Thousands Of Indians Are Falling For A Facebook Hoax That Typing BFF Checks If Their Account Has Been Hacked

If anyone had wondered just how big the fake news problem on Facebook was, they only need to look at the current frenzy on the platform around three simple letters — BFF.

Thousands — perhaps millions — of Indians are furiously typing away “BFF” into their Facebook accounts, hoping to discover if their Facebook accounts have been hacked. As per the rumour, which had now spread on several large Facebook pages, the trick has been coded in by founder Mark Zuckerberg himself. If users type in “BFF” and it turns green, then they’re in the all-clear — their accounts aren’t hacked. If, on the other hand, the BFF stays a solemn black, that means their accounts have been compromised. 

bff facebook hoax

All this, of course, is complete hogwash. The BFF turning into green doesn’t have anything to do with an account being hacked — it’s simply a part of Facebook’s new feature in which it automatically gives some words a colour.
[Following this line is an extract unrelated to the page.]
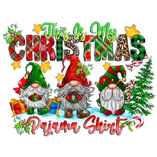 Festive and fun, this "This Is My Christmas Pajama Shirt" features adorable gnomes, colorful gifts, and cheerful holiday elements.DTF Transfersdtf regular iron

Congrats, for instance, appears in red, and BFF, which is teen-speak for Best Friend Forever, appears in green. On apps which haven’t been updated, BFF still appears in black, giving people the impression that it turns green for some while stays black for others.

bff facebook hoax 2

The hoax is currently going viral in India. It’s not hard to understand why — with all the concerns that are going around Facebook’s privacy policies, people are worried if their data is secure, and the hoax plays right into their fears. The hoax also says that it’s been coded in by Zuckerberg himself, and there’s a certain romantic appeal about receiving a hidden coded message from the founder of the social network you’re on. And finally, it does seem to give results — for some people, BFF turns green, while for others, it stays black, seemingly at random.

While the hoax by itself isn’t particularly harmful — the worst that people can do is spend a few seconds of their day uselessly typing in BFF — it does serve a purpose for its perpetrators. By getting people to type in thousands of “BFF” comments on their Facebook posts, page owners see increased engagement with their page from their audience. This fools Facebook’s algorithms into thinking their content is really popular, and makes their future posts reach more people.

And the BFF hoax also shows how vulnerable people are to the most rudimentary tricks on Facebook. If hundreds of thousands of people can fall for a scam that makes their text change colour, one wonders how they can possibly parse through sophisticated political propaganda and hidden agendas. We’re truly living in an age of disinformation, and it can be brought along by something as innocuous as three simple letters.